What is the legal limit for impairment?
- Under Colorado law:
- If a person’s ability to operate a vehicle is affected to the slightest degree by alcohol and/or drugs they can be arrested for a DUI or DWAI.
- Delta 9-tetrahydrocannabinol (Delta 9 THC) is the psychoactive substance that creates impairment from using marijuana. Delta 9 THC becomes inactive once metabolized by the body – but that can take hours to happen and leaves you at risk for a DUI.
- The limit in Colorado of active Delta 9 THC in a driver’s blood, which gives rise to a “permissible inference” that the person is under the influence of marijuana, is five nanograms or more per milliliter in the whole blood.
- Drivers can be arrested and cited for impaired driving if law enforcement observes and documents driver impairment to any degree, even with a blood level below 5 ng of Delta 9 THC.
I’m a medicinal marijuana user, can I still be arrested for driving impaired?
- Yes. If you are impaired while driving, even as a medical cardholder, you are at risk of getting a DUI.
What if I have THC in my system because I consume marijuana frequently, but I’m not impaired and are pulled over and tested?
- Psychoactive impairment is caused by active Delta 9 THC, which becomes inactive over time and is stored in the body for longer periods. The primary determinant is the driving behavior and observed level of impairment witnessed and documented by the law enforcement officer. Arrests are made on observed impairment. Any level of active THC in your blood can put you at risk of a DUI.
What are the fines for impaired driving?
- Fines range from $200 to $1,500. Additional fees can make the fiscal cost of a DUI more than $13,500.
Are people really arrested for marijuana-impaired driving?
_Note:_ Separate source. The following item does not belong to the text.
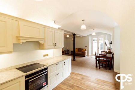 This spacious long galley styled kitchen comes with tiled flooring throughout and comes with a number high and low storage units that have been constructed in solid wood alongside granite worktops. The kitchen benefits from ample space for kitchen appliances, has a fitted double Belfast sink and also has fixed ceiling spotlights. There is a small utility area just off the kitchen.

- Yes, all Colorado law enforcement officers receive training in impaired driving detection. Many receive additional advanced training in detecting impaired driving from drugs. On average, more than 60 people are arrested each day in Colorado for DUI, including drugs, alcohol or a combination of both.
What are some effects of marijuana impairment?
- Marijuana has measurable physiological effects that impair the ability to drive and react quickly in critical situations. There are numerous independent studies that have shown marijuana impairs critical abilities needed to drive safely, including:
- Slowed reaction time
- Difficulties in road tracking and lane-position variability
- Decreased, divided attention
- Impaired cognitive performance
- Relaxed Inhibitions
- Impaired executive functions, including route planning, decision making, and risk taking, or a combination of all
- Regardless of the impairing substance, the skills needed to drive safely are negatively impacted by many drugs, including marijuana.
How are law enforcement officers trained to recognize impairment? What is a DRE?
- Colorado law enforcement officers are trained in the detection of impairment of alcohol and drugs, and many are specially trained Drug Recognition Experts (DRE). These officers have the ability to detect physical and psychophysical signs of drug impairment. DREs are viewed as one of the most effective law enforcement tools in efforts to reduce drugged driving. There are currently 226 active DREs representing 79 law enforcement agencies across the state, including 62 with the Colorado State Patrol.
How is impairment tested? (Can they really tell if I’m high?)
- Anyone arrested for suspected DUI is required to submit to chemical testing. The toxicological sample is then tested at a laboratory.
How much marijuana can I legally carry in my car?
- No open containers:
- Neither drivers nor passengers are allowed to open any marijuana packaging or use the product while in a vehicle.
- You can be charged with a traffic offense if the marijuana product seal has been broken, some of the product has been consumed and there’s evidence that it was used in the vehicle.
- All drivers and passengers are also required to abide by the possession (quantity) limits set by the state.